Collected material:
* * * * * * *

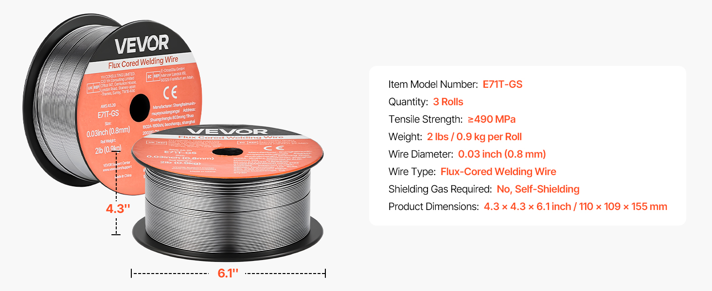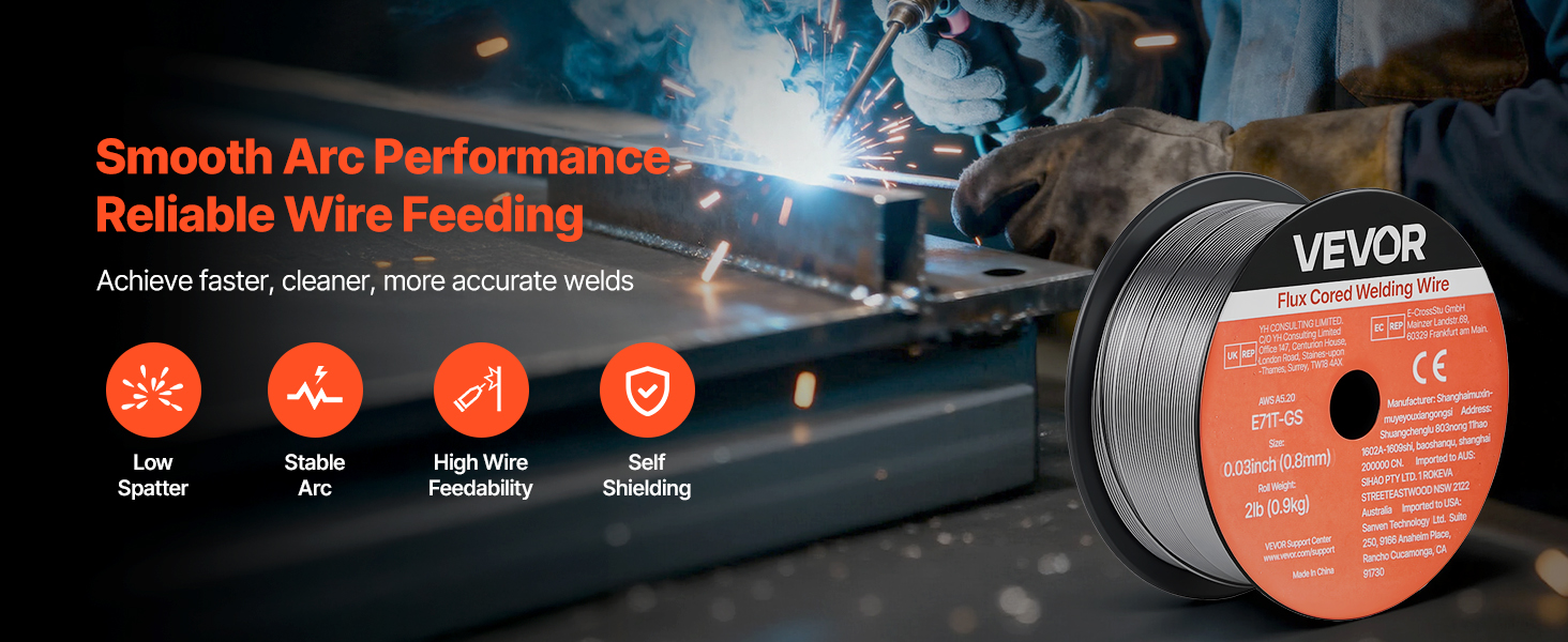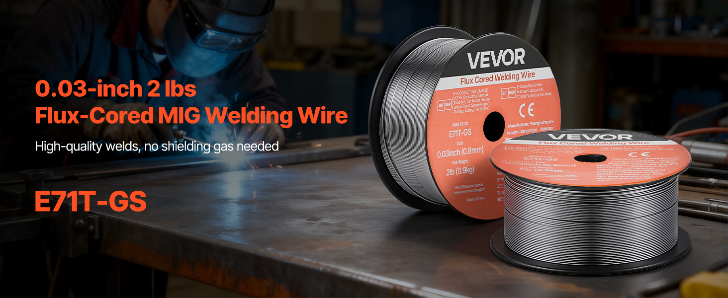 Svařovací drát VEVOR 0,03" 2 lbs E71T-GS pro svařování metodou MIG s tavidlem poskytuje pevné a konzistentní svary s hladkým posuvem drátu, nízkým rozstřikem a samostíněním. Podporuje svařování bez plynu ve všech polohách a vysokou pevnost v tahu pro spolehlivý výkon v automobilovém průmyslu, strojírenství a při svařování pro kutily.
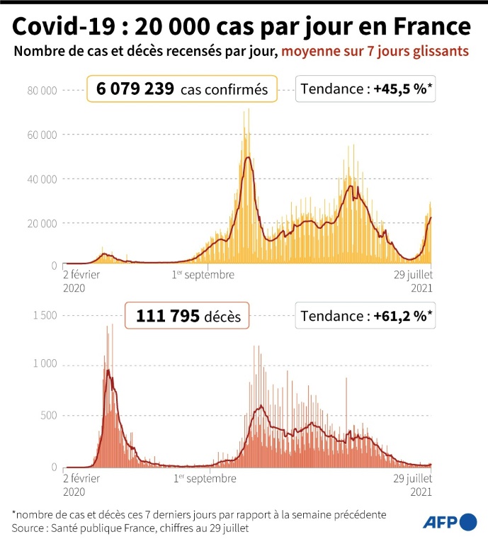 Situation "dramatique" en outre-mer avec La Réunion et la Martinique reconfinées, transfert de patients vers Paris, et inquiétudes en métropole où le variant Delta flambe sur les lieux de vacances: les autorités sont sous tension, à la veille de nouvelles manifestations antipass sanitaire.
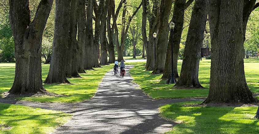 Una famiglia in bicicletta su una pista ciclabile a Corvallis, Oregon. Crediti editoriali: Bob Pool/Shutterstock.com.

* * * * * * *

What needs to be done:
The listing above must be retyped word for word, without the pictures.

Output below:
 Svařovací drát VEVOR 0,03" 2 lbs E71T-GS pro svařování metodou MIG s tavidlem poskytuje pevné a konzistentní svary s hladkým posuvem drátu, nízkým rozstřikem a samostíněním. Podporuje svařování bez plynu ve všech polohách a vysokou pevnost v tahu pro spolehlivý výkon v automobilovém průmyslu, strojírenství a při svařování pro kutily.
 Situation "dramatique" en outre-mer avec La Réunion et la Martinique reconfinées, transfert de patients vers Paris, et inquiétudes en métropole où le variant Delta flambe sur les lieux de vacances: les autorités sont sous tension, à la veille de nouvelles manifestations antipass sanitaire.
 Una famiglia in bicicletta su una pista ciclabile a Corvallis, Oregon. Crediti editoriali: Bob Pool/Shutterstock.com.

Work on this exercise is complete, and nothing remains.